[ASSIGNMENT]
Return an exact copy of the lines from the one holding "Rendelésre készülő karácsonyi" to the end of the data, including both the starting and final lines. Leave the pictures out.

[SOURCE INFORMATION]

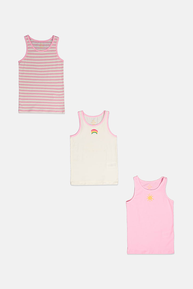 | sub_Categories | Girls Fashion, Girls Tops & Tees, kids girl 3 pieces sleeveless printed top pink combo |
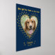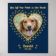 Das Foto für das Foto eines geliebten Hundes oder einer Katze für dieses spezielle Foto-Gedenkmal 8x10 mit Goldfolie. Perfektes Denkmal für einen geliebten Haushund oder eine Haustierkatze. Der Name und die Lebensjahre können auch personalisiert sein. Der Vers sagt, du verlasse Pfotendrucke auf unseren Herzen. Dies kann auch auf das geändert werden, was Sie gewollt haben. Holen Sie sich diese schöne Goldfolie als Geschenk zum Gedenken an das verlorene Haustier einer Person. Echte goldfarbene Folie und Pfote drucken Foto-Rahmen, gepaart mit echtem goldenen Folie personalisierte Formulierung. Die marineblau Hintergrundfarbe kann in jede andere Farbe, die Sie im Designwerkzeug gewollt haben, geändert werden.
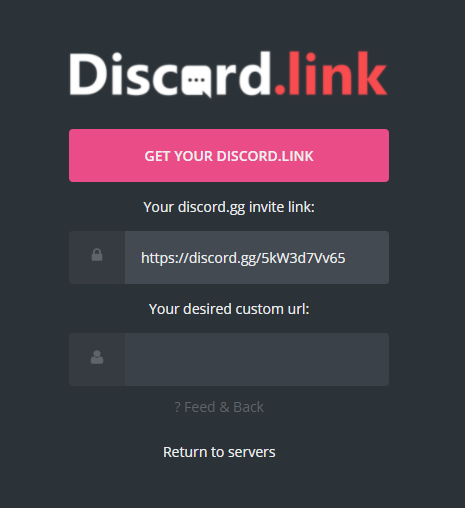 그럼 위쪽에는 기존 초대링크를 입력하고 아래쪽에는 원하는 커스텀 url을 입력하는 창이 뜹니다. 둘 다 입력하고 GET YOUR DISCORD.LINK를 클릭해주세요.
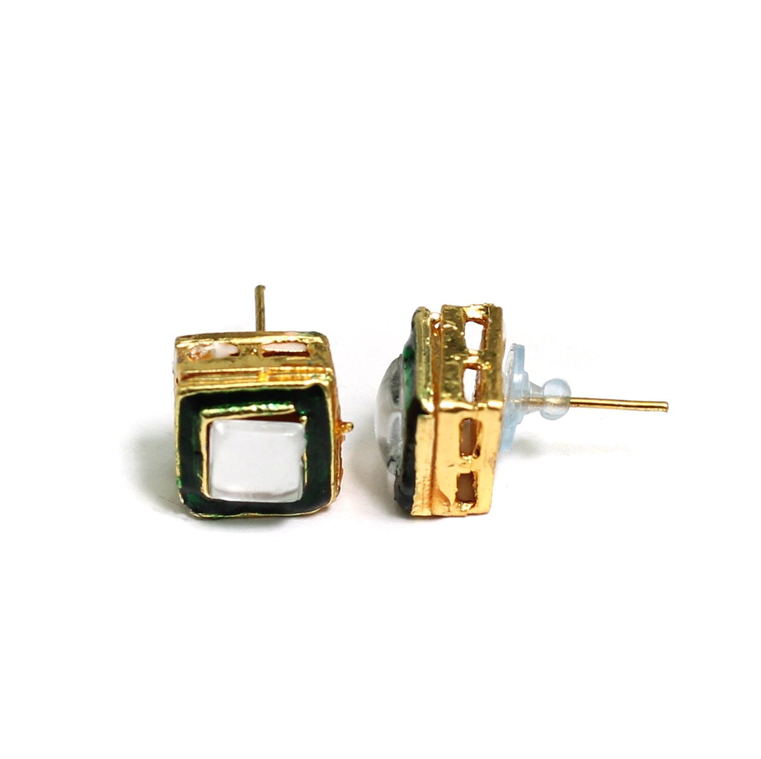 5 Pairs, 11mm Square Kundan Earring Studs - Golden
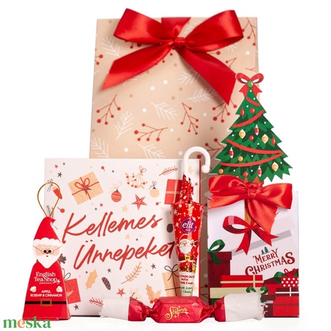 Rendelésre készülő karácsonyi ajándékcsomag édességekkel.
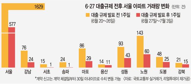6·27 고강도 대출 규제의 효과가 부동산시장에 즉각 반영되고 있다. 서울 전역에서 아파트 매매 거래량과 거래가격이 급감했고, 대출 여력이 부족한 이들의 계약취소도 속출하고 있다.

[EXERCISE OUTPUT]
 Rendelésre készülő karácsonyi ajándékcsomag édességekkel.
6·27 고강도 대출 규제의 효과가 부동산시장에 즉각 반영되고 있다. 서울 전역에서 아파트 매매 거래량과 거래가격이 급감했고, 대출 여력이 부족한 이들의 계약취소도 속출하고 있다.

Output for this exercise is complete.